▶ [What to produce] Find the line with "Το σετ 6 μαρκαδόρων" in the entries below, then output every line from it down to the line with "スペシャルゲストに3月16日", exactly and with no pictures.

▶ [Saved data entries]
......

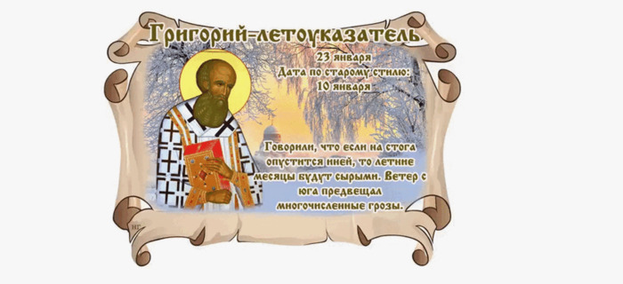 ТЕЛЕГРАММ замедляется.Вероятно скоро его заблокируют.Чтобы не потерять нас и получать оперативно информаци. подпишись на наши каналы в МАХ.Кто еще не подписался В полностью Российской сети МАХ на каналы ВОЕННЫЕ ПЕНСИОНЕРЫ ЗА РОССИЮ И ЕЕ ВООРУЖЕННЫЕ СИЛЫ: Канал для Военных пенсионерах без войны и политики, Военных пенсиях,пенсиях жен военных пенсионеров ,жизни военных пенсионеров и о способах прожить дольше : https://max.ru/voennyepen За Родину .Мы победим.: Оперативная информация О Спецоперации ,политике на канале: https://max.ru/join/aXh9SdoNhgk2rhy901ENolzCyoGLJhMgpon7E6np9n0 СРОЧНО ПОДПИСЫВАЙСЯ и ты будешь в курсе оперативных событий.НЕ пропусти!!! Дата в 2026 году: 23 января , пятница Другие названия: Григорий; Григорий Нисский; Летоуказатель; День Григория Церковное название: Святителя Григория Нисского, епископа Значение: День памяти святого Григория Традиции: подготовка к весенним посевным работам; употребление мясных блюд; обряд задабривания духа стогов, охраняющего зерно от мышей; обряд для привлечения богатства; запрещается выносить мусор Народный праздник Григорий Летоуказатель отмечается 23 января 2026 года (по старому стилю – 10 января). В церковном православном календаре это дата почтения памяти святителя Григория, епископа Нисского. В простонародье его прозвали Летоуказателем, так как по погоде этого дня судили в целом о лете. История Григорий проживал в IV веке в Кесарии (Каппадокия), где и получил образование. Его учителем был брат – святитель Василий Великий. Также он много времени потратил на самостоятельное обучение. Благодаря этому стал ритором (оратором) и ушел из церкви. После смерти супруги он вернулся в родное имение и церковь. В 372 г. Григория назначили на должность епископа Ниссы. С этого года его деятельность была посвящена борьбе с арианами. Григорий был схвачен, но ему удалось сбежать. Несколько лет он скитался, претерпевая невзгоды и страдания, но не оставил веру. В 381 г. в Константинополе был созван II Вселенский собор, где Григорий стал одним из главных деятелей. В 383, 386 и 394 годах он выступал в Константинополе, произнося разные Слова. Григорий рьяно защищал Православные догматы и стал авторитетным богословом империи. Он дожил до глубокой старости и умер после очередного Константинопольского собора. Традиции и обряды С этого дня начинается подготовка к весенним посевным работам. Проверяется и чинится инвентарь, перебирается зерно, часть которого идет на посадку, а часть – на переработку в муку. Из глубокой старины пришел обряд, который помогает задобрить духа стогов. Считается, что именно он охраняет зерно от грызунов. Для этого необходимо выйти в поле, отдать поклон скирдам и оставить каравай. В этот праздник запрещается выносить мусор и золу. В противном случае дом может покинуть счастье. Традиционно на Григория Летоуказателя проводится обряд для притяжения богатства. Считается, что если 3 раза против солнца обойти стог, выдернуть из него горсть сена, то это привлечет большие деньги. В этот день готовятся и употребляются мясные блюда, чтобы весь год не болеть. Приметы Если в этот день деревья и стога с сеном иней покрывает, то лето будет холодным. Если на Григория Летоуказателя дует южный ветер, то июнь будет дождливым. Если в этот день стоит ясная погода и лежит сухой снег, то лето выдастся засушливым. Если выпало много снега, то год будет ур
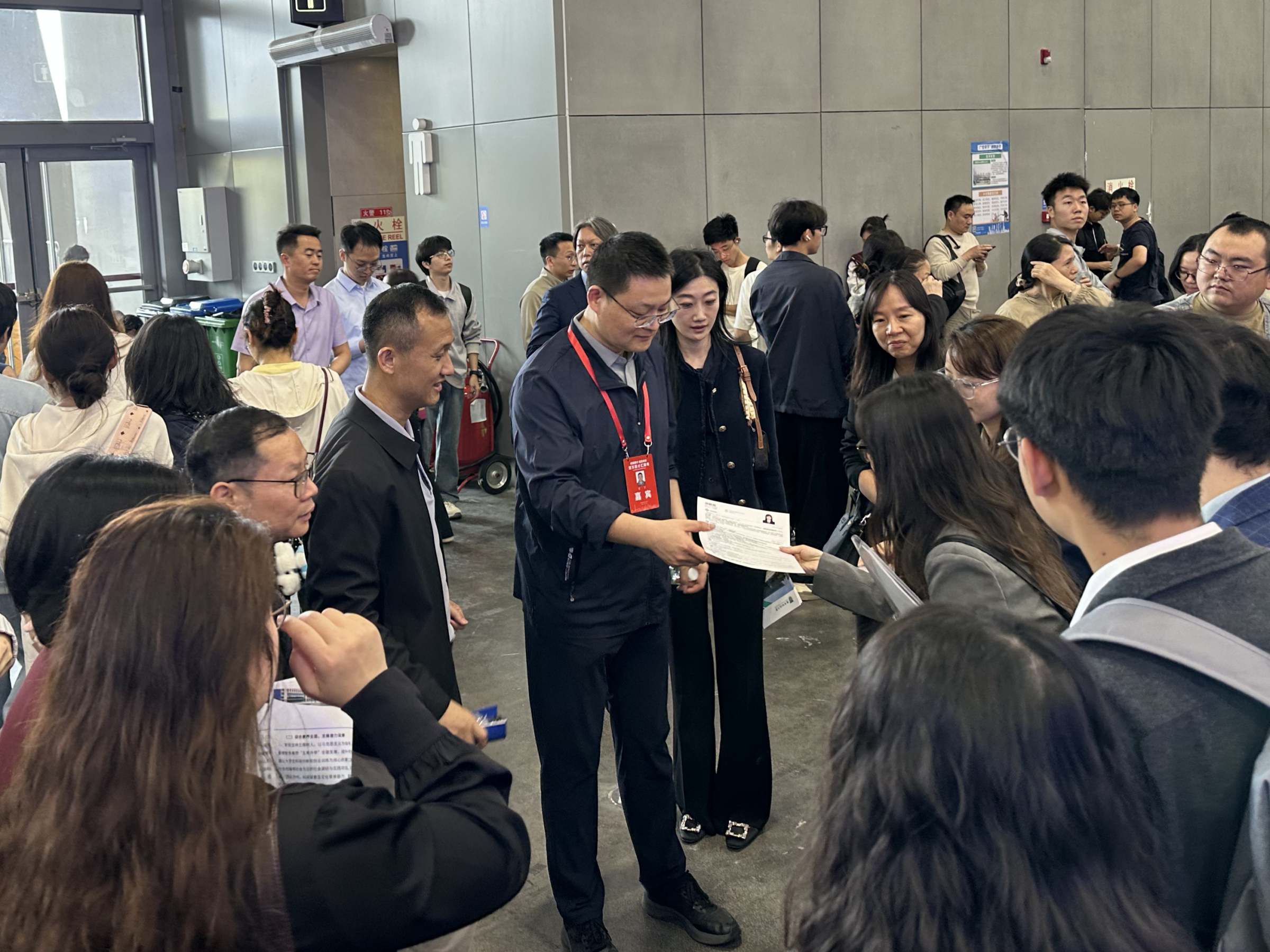 在招聘会现场,雷宇一行与参会的用人单位招聘人员进行交流,详细了解企业的岗位设置、人才需求和毕业生求职等情况,并与我校求职学子交谈,仔细询问学生简历投递情况和求职面试进展。学生就业指导中心和各学院在现场开展“访企拓岗”行动,派发2026届毕业生就业推荐材料,向用人单位推荐我校毕业生。
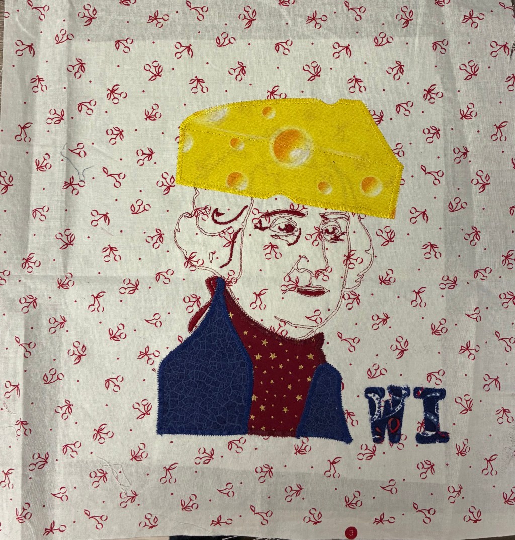 We began our planning by looking at the image of George Washington. Many of them showed him wearing a tricorn hat. Somehow that led to the idea of a cheesehead also being a tricorn and this is the result. (There may or may not have been some brandy old fashioned being consumed during the planning stage, but I’m not admitting anything.)There were also suggestions that he have a speech bubble with the words “Say Cheese” or “Tell your folks I said hi” (a nod to Wisconsin comedian Charlie Berens). We were uncharacteristically conservative and left that off. Carol Pasprzak did the embroidery and Colleen Terry did the applique.
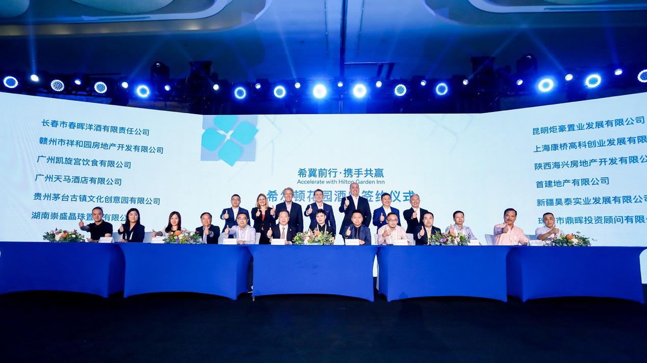 現(xiàn)場,希爾頓與長春市春暉洋酒有限責任公司、贛州市祥和園房地產(chǎn)開發(fā)有限公司、廣州凱旋宮飲食有限公司、廣州天馬酒店有限公司、貴州茅臺古鎮(zhèn)文化創(chuàng)意園有限公司、湖南崇盛晶珠置業(yè)有限公司、昆明炬豪置業(yè)發(fā)展有限公司、上??禈蚋呖苿?chuàng)業(yè)發(fā)展有限公司、陜西海興房地產(chǎn)開發(fā)有限公司、首建地產(chǎn)有限公司、新疆昊泰實業(yè)發(fā)展有限公司、珠海市鼎暉投資顧問有限公司達成合作意向,確認新開12家全新版希爾頓花園酒店。
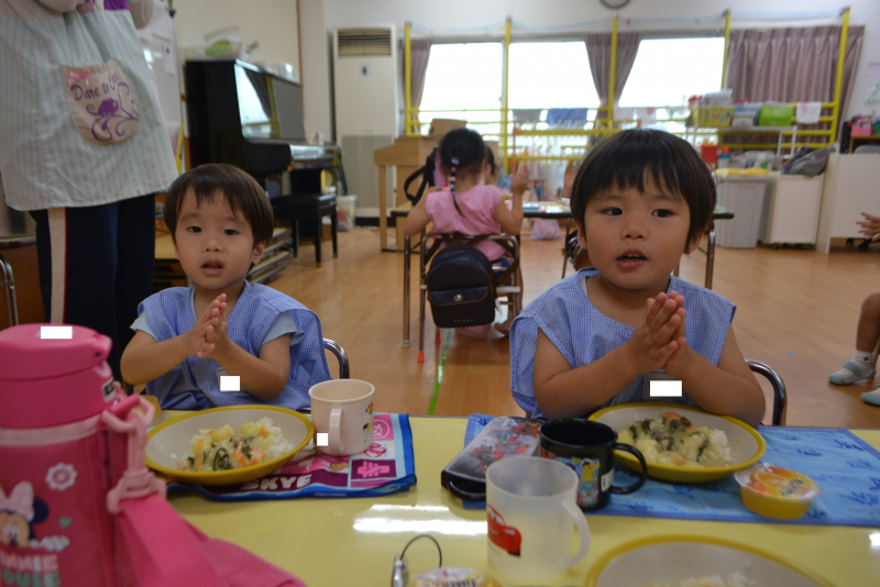 昼食の前にはお当番さんがみんなの前に立ち、お手本を見せてくれますよ☆彡
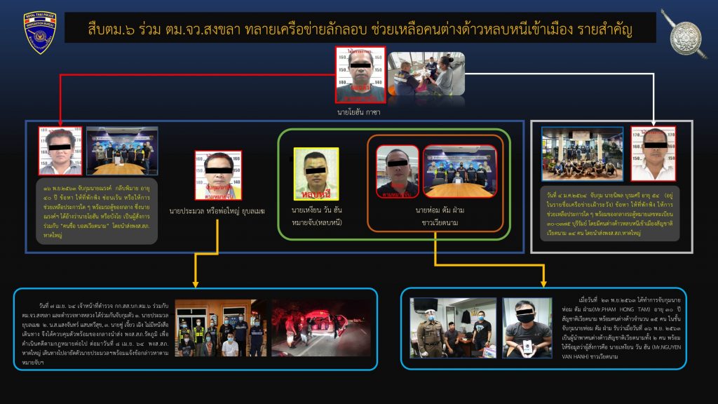 กก.สส.บก.ตม.6 ได้สืบทราบว่าจะมีการรับจ้างส่งคนต่างด้าวจากพื้นที่ กทม.มายังภาคใต้โดยใช้รถยนต์ส่วนตัว จึงได้วางแผนในการสกัดกั้นจับกุมโดยประสานการปฏิบัติกับ ตม.จ.สงขลา และ ส.ทล.3 กก.7 บก.ทล. (ตำรวจทางหลวงรัตภูมิ) ได้มีรถยนต์ทะเบียนกรุงเทพมหานคร ขับมาถึงบริเวณจุดกลับรถก่อนถึงหน่วยบริการประชาชนตำรวจทางหลวงรัตภูมิ ซึ่งเจ้าหน้าที่ได้ตั้งจุดสกัดเพื่อตรวจสอบยานพาหนะ ปรากฏว่ารถคันดังกล่าวได้กลับรถหลบหนีการตรวจสอบของเจ้าหน้าที่ จึงมีการไล่ติดตามจนจับกุมได้บริเวณริมถนนเพชรเกษมช่วง กม.1021-1022 ต.กำแพงเพชร อ.รัตภูมิ จ.สงขลา จากการตรวจสอบภายในรถพบนายประมวล เป็นผู้ขับขี่, น.ส.แสงจันทร์ นั่งโดยสารอยู่ตอนหลังของรถ (ฉายาในวงการ “พ่อใหญ่-แม่ใหญ่”),MR.XIAO ชาวจีนไม่มีหนังสือเดินทาง นั่งอยู่ที่นั่งตอนหน้าข้างคนขับ ท(ตรวจสอบจากระบบ BIOMETRICS ไม่พบข้อมูลการเดินทางเข้ามาในราชอาณาจักรอย่างถูกต้อง) จึงได้แจ้งข้อกล่าวหาว่า “ร่วมกันให้ที่พักพิง ซ่อนเร้น หรือช่วยด้วยประการใดๆ เพื่อให้คนต่างด้าวที่เข้าเมืองโดยผิดกฎหมายพ้นจากการจับกุม” และ “คนต่างด้าวเดินทางเข้ามาและอยู่ในราชอาณาจักรโดยไม่ได้รับอนุญาต” และยังพบว่านายประมวลฯ เป็นบุคคลตามหมายจับศาลจังหวัดสงขลาที่ 109/2564 ในความผิดฐาน ร่วมกันให้ที่พักพิง ซ่อนเร้น ช่วยเหลือหรือช่วยด้วยประการใดๆ ซึ่งเมื่อวันที่ 16 พ.ย.63 ดังกล่าวข้างต้น และรถยนต์ คันก่อเหตุ เป็นรถคันเดียวกันกับที่ใช้รับชาวเวียดนาม 2 คน ไปส่งยังท่าอากาศยานหาดใหญ่ในวันดังกล่าว และในส่วนของ น.ส.แสงจันทร์ หรือแม่ใหญ่ เป็นภรรยาของนายประมวล ซึ่งเจ้าหน้าที่ตรวจสอบข้อมูลพบว่ามีความเชื่อมโยงโดยเป็นผู้ติดต่อประสานงานกับขบวนการลักลอบขนแรงงานต่างด้าว เครือข่าย “โซติแอล” นายหน้านำพาคนต่างด้าวชาวกัมพูชาที่อยู่ระหว่างการหลบหนี
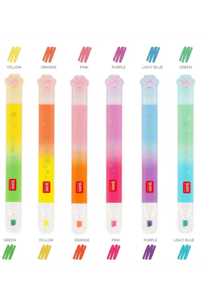 Το σετ 6 μαρκαδόρων μαρκαδόρων διπλής παστέλ και νέον νιάου από τη Legami θα πηδήξει σαν γάτα για να επισημάνει τις πιο σημαντικές πληροφορίες και να γουργουρίσει σε κάθε σελίδα των σημειώσεών σας. Και ξεχάστε εννέα ζωές - με τις διπλές μύτες, έχετε 12 παστέλ και νέον χρώματα.
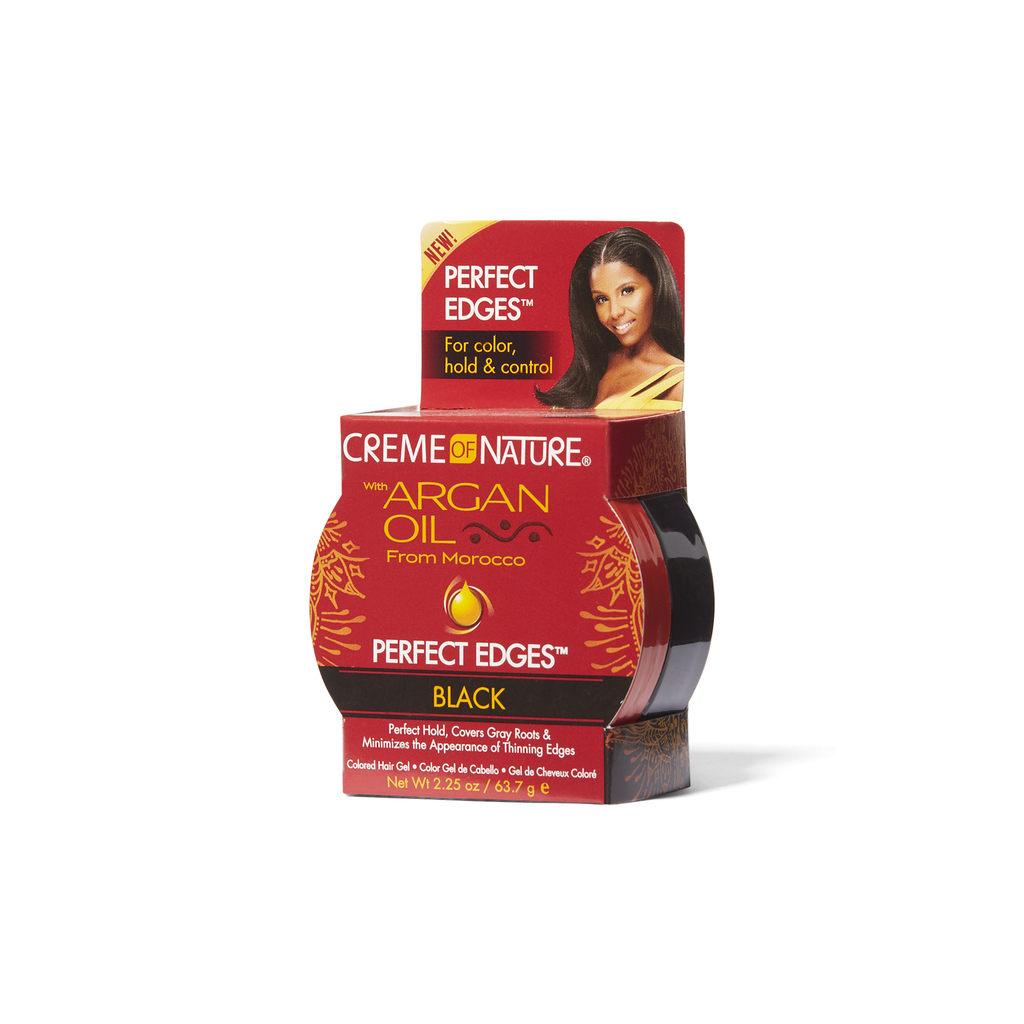 Creme Of Nature Argan Oil Perfect Edges Black gel infused with Argan Oil controls and holds down edges while covering gray roots and minimizing the appearance of thinning edges.
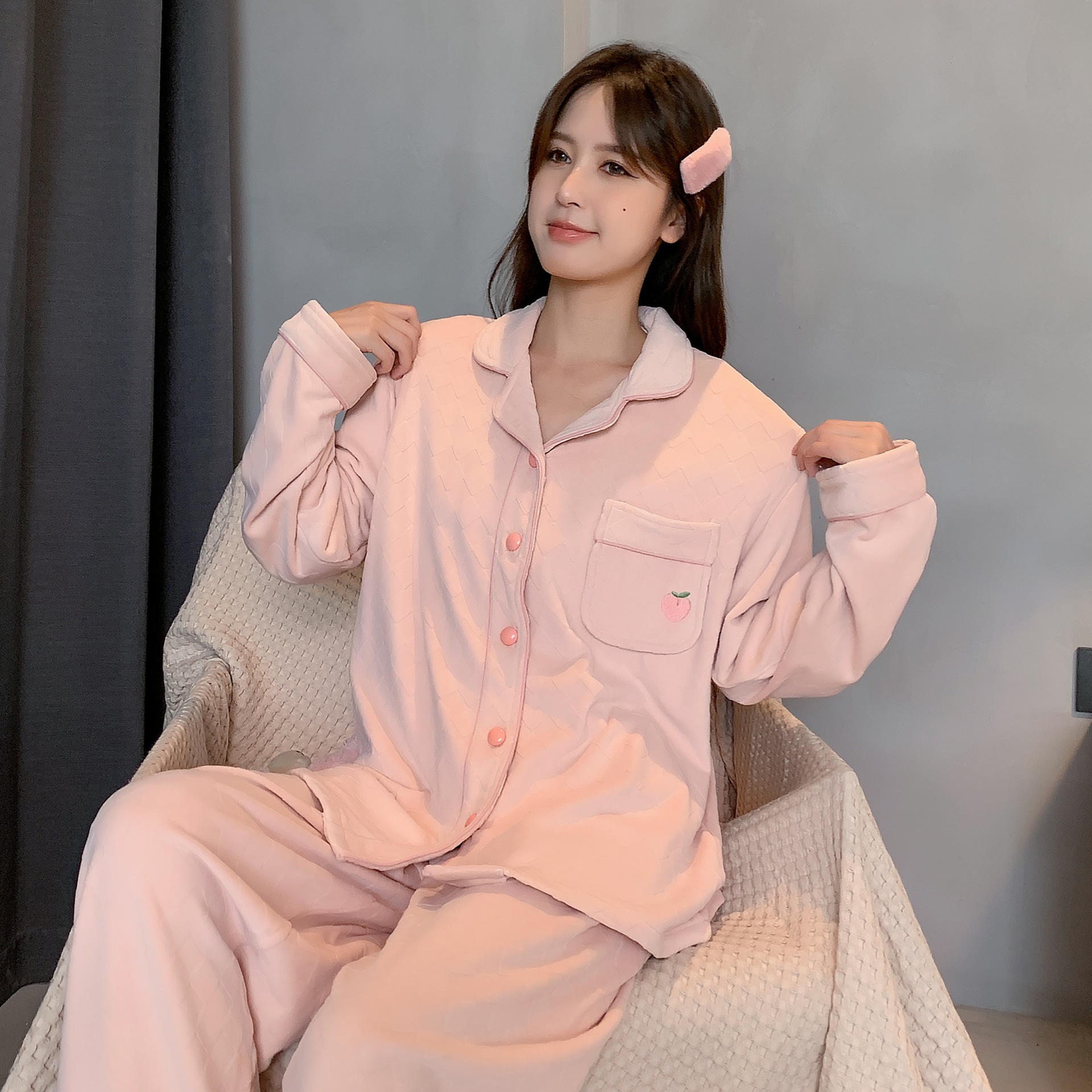 가을과 겨울 커플 잠옷 여성의 새로운 기모 섬 벨벳 따뜻한 집 옷 세트 달콤한 겉옷 남성용스토어 가기
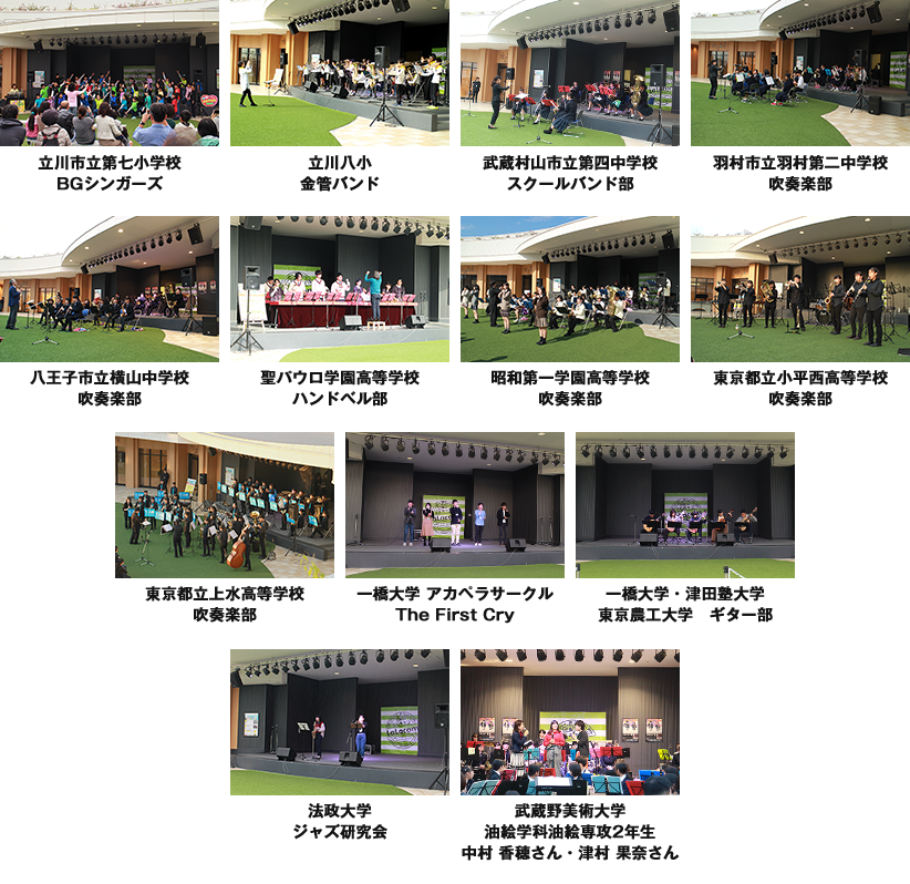 スペシャルゲストに3月16日(土)「髙橋楓」さん、17日(日)に「lol-エルオーエル-」さんを迎えて近隣の学生による演奏やパフォーマンス、昨年11月にも実施いただいた武蔵野美術大学2年生 中村さん、津村さんによるライブペイントを行いました。天気にも恵まれ、多くのお客様や出演者のご家族が来場され盛り上がりました!
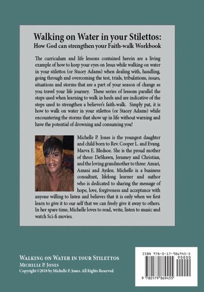 WALKING ON WATER IN YOUR STILETTOS: HOW GOD CAN CHANGE YOUR FAITH-WALK WORKBOOK Now that you're at the door ready to enter your season of CHANGE, continue your journey by answering the question, 'In what way is CHANGE knocking on my door demanding entrance,' to take that first critical step into the CHANGE that's waiting on you! The curriculum and life lessons contained herein are living examples of how to keep your eyes on Jesus while walking on water in your stilettos (or Stacey Adams) when dealing with, handling, going through and/or overcoming the test, trials, tribulations, issues, situations, heart aches, heartbreaks and storms that are a part of your SEASON OF CHANGE as you travel your life journey. These series of lessons parallel the steps used when learning to walk in heels and are indicative of the steps used to strengthen a believer's faith-walk. Simply put, it is how to walk on water in your stilettos (or Stacey Adams) while encountering the storms that show up in life without warning and have the potential of drowning and consuming you or birthing YOU anew! So, I challenge you to put on your stilettos (or Stacey Adams) because we've got work to do! The best utilization of this workbook is to be used in conjunction with the book, "Walking on Water in my Stilettos" and the journal. Take the time to complete the lesson because they are designed to make you think, and to be honest and transparent with YOURSELF. You will learn while completing these lessons that the most important person you will encounter, learn to love, unconditionally accept, respect and be excited to meet while experiencing the lessons is YOU!Michelle P. Jones is the youngest daughter and child born to Rev. Cooper L. and Evang. Marva E. Bledsoe. She is the proud mother of three: DeShawn, Jeramey and Christian, and the loving grandmother to three: Amari, Amani and Ayden. ¿Michelle is dedicated to sharing the message of hope, love, forgiveness and acceptance with anyone willing to listen and believes that it is only when we first learn to give it to our self that we can freely give it away to others. In her spare time, Michelle loves to read, write, listen to music and watch Sci-fi movies.
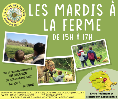 Envie d'une petite balade champêtre, de venir découvrir les animaux de la ferme. C'est tous les mardis de 15h à 17h à la Ferme des Zazous.
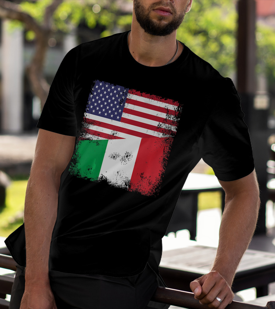 Half Italian Flag Vintage Italy U.S. American Grunge T-Shirt

......

▶ [Exercise solution]
 Το σετ 6 μαρκαδόρων μαρκαδόρων διπλής παστέλ και νέον νιάου από τη Legami θα πηδήξει σαν γάτα για να επισημάνει τις πιο σημαντικές πληροφορίες και να γουργουρίσει σε κάθε σελίδα των σημειώσεών σας. Και ξεχάστε εννέα ζωές - με τις διπλές μύτες, έχετε 12 παστέλ και νέον χρώματα.
 Creme Of Nature Argan Oil Perfect Edges Black gel infused with Argan Oil controls and holds down edges while covering gray roots and minimizing the appearance of thinning edges.
 가을과 겨울 커플 잠옷 여성의 새로운 기모 섬 벨벳 따뜻한 집 옷 세트 달콤한 겉옷 남성용스토어 가기
 スペシャルゲストに3月16日(土)「髙橋楓」さん、17日(日)に「lol-エルオーエル-」さんを迎えて近隣の学生による演奏やパフォーマンス、昨年11月にも実施いただいた武蔵野美術大学2年生 中村さん、津村さんによるライブペイントを行いました。天気にも恵まれ、多くのお客様や出演者のご家族が来場され盛り上がりました!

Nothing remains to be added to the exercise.